Melanoma is the most serious type of skin cancer.
Melanoma is the most serious type of skin cancer. It begins in skin cells called melanocytes.
Melanocytes are the cells that make melanin, which gives skin its color. Melanin also protects the deeper layers of the skin from the sun’s harmful ultraviolet (UV) rays.
When people spend time in the sunlight, the melanocytes make more melanin and cause the skin to tan. This also happens when skin is exposed to other forms of ultraviolet light (such as in a tanning booth). If the skin receives too much ultraviolet light, the melanocytes may begin to grow abnormally and become cancerous. This condition is called melanoma.
How and where does melanoma appear?
The first sign of melanoma is often a change in the size, shape, or color of a mole. But melanoma can also appear on the body as a new mole.
In men, melanoma most often shows up:
on the upper body, between the shoulders and hips
on the head and neck
In women, melanoma often develops on the lower legs.
In dark-skinned people, melanoma often appears:
under the fingernails or toenails
on the palms of the hands
on the soles of the feet
Although these are the most common places on the body for melanomas to appear, they can appear anywhere on the skin.

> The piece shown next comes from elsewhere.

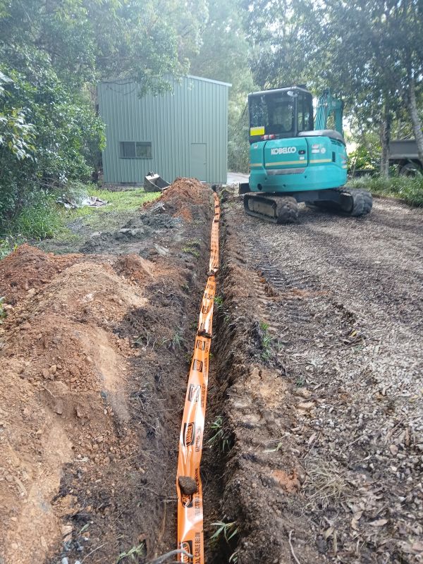 Running underground sub-mains involves the installation of mechanically protected cabling through conduit, which must be trenched at the appropriate depth and backfilled correctly. On rural properties, this often necessitates collaboration with an earthworks contractor for the trenching process. The electrical connections at both ends, including those at the main switchboard and the shed sub-board, must be executed by licensed electrical professionals. We manage the entire process, overseeing earthworks, so you only need to communicate with one point of contact instead of juggling multiple trades, thereby making the project more streamlined and efficient.

That’s why it is important to always examine your skin to check for new moles or changes in moles.
With early diagnosis and treatment, the chances of recovery are very good.
The chance of getting melanoma increases as you get older, but people of any age can get melanoma. In fact, melanoma is one of the most common cancers in young adults. Each year, more than 50,000 people in the U.S. learn that they have melanoma.
Melanoma is a serious and sometimes life-threatening cancer. If melanoma is found and treated in its early stages, the chances of recovery are very good. If it is not found early, melanoma can grow deeper into the skin and spread to other parts of the body. This spread is called metastasis.
Once melanoma has spread to other parts of the body beyond the skin, it is difficult to treat….”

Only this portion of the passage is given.